Our house in Tel Rumeida is located on a slope, surrounded by grape vines. The Jewish settlement caravan is just above our house. The caravan was established about ten years ago, about five families live there, including the M family and the A family. Our house is separated from the caravan by a dirt road about two to three meters wide, this road leads to the main road.
About four years ago, the settlers built a playground on the dirt road between our house and the caravan – swings, a merry go round and the like, and blocked our access to the road. The settlers prevented us from going near it. After a legal struggle with the assistance of the Association for Civil Rights in Israel, in March 2005 the court ruled that the road be opened. The army arrived with a court order and unblocked the way. The children started walking on the road, which was now open. After the soldiers finished, there were parts left over, metal bits, waste from the playground structures and rolls of barbed wire.
On Wednesday March 23, 2005, I was at work, about a kilometer from home. My neighbor came to tell me about what happened to my son YA. It took me ten minutes to get home. When I did, a policeman who was there asked me whether I wanted to file a complaint and I said yes. The policemen took my son and I to the police station in Kiryat Arba. There they took my son’s testimony. They didn’t take my testimony.
On Wednesday at 5 pm, I went to the dirt road above our house with my cousin, who is 7 and my neighbor, who is 12. There were three soldiers and when they saw us, they ordered us to clean up the parts left over from the settlers’ playground and the rolls of barbed wire that barricaded the road. The three soldiers left.

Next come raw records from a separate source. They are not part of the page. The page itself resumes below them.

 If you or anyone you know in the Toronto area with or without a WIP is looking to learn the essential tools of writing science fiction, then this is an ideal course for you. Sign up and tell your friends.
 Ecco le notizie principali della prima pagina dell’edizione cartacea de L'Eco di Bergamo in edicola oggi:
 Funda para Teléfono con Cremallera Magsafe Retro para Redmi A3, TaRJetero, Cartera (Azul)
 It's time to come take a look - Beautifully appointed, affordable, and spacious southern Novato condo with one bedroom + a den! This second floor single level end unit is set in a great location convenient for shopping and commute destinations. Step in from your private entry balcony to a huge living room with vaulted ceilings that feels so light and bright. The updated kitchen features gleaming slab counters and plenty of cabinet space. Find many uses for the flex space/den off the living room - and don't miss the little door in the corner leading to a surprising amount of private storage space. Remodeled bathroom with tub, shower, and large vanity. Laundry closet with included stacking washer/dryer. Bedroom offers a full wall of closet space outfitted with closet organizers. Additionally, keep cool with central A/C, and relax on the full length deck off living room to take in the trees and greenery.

We started moving the barriers, we pushed really hard to move what was left of the slide, an olive tree trunk and rolls of barbed wire. We worked for about 40 minutes and then another soldier, who was about ten meters away from us, called us over and asked us why we were moving those things. We said that the three soldiers who were here earlier told us to.
Just then, a woman from the A family arrived, a settler who lives in the caravan. She drove up in her white Subaru station wagon, got out of the car and began cursing Allah and the Prophet Mohammad. One of her three children got out, and her two other kids, who were 2-4, stayed in the car.

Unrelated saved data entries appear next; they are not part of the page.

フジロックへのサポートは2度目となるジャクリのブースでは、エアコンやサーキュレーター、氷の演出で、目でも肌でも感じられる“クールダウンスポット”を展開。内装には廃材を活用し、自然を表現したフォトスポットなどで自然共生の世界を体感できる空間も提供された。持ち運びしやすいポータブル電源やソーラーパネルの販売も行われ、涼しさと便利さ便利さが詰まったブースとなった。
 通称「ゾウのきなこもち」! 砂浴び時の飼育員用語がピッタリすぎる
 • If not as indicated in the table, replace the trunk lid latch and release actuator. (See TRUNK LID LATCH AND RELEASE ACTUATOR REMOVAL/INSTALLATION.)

She picked up stones and started throwing them at us. The two other children who were with me ran away, and I tried to too, but I got scratched by the barbed wire that blocked my way. I tried to run behind her car, but the woman was faster and grabbed me by my shirt and pushed me up against a wall. The soldier who was there intervened and tried to separate us, but she pushed him back and the soldier’s leg got caught on the barbed wire and he fell down.
She grabbed me with one hand, and then bent over and with her other hand quickly picked up a rock, put it in my mouth, and forced my mouth shut and pressed my face to make sure my mouth stayed shut.
I felt my teeth breaking, and I bled a little from my mouth. I couldn’t do anything to resist. In the meantime, the soldier got up, he didn’t intervene again, he started talking on the radio, I guess he called for help. Once he started talking on the radio, she left me alone and got back into her car. She parked the car and took her kids indoors.
Two of my teeth were broken.
Law Enforcement Authorities’ decision upon conclusion of investigation
On March 14, 2011, the Jerusalem Magistrates Court acquitted YA of the charges brought against her. The main explanation for her acquittal in the ruling was due to the difference in the children’s testimonies (aged 10 and 13) who were present.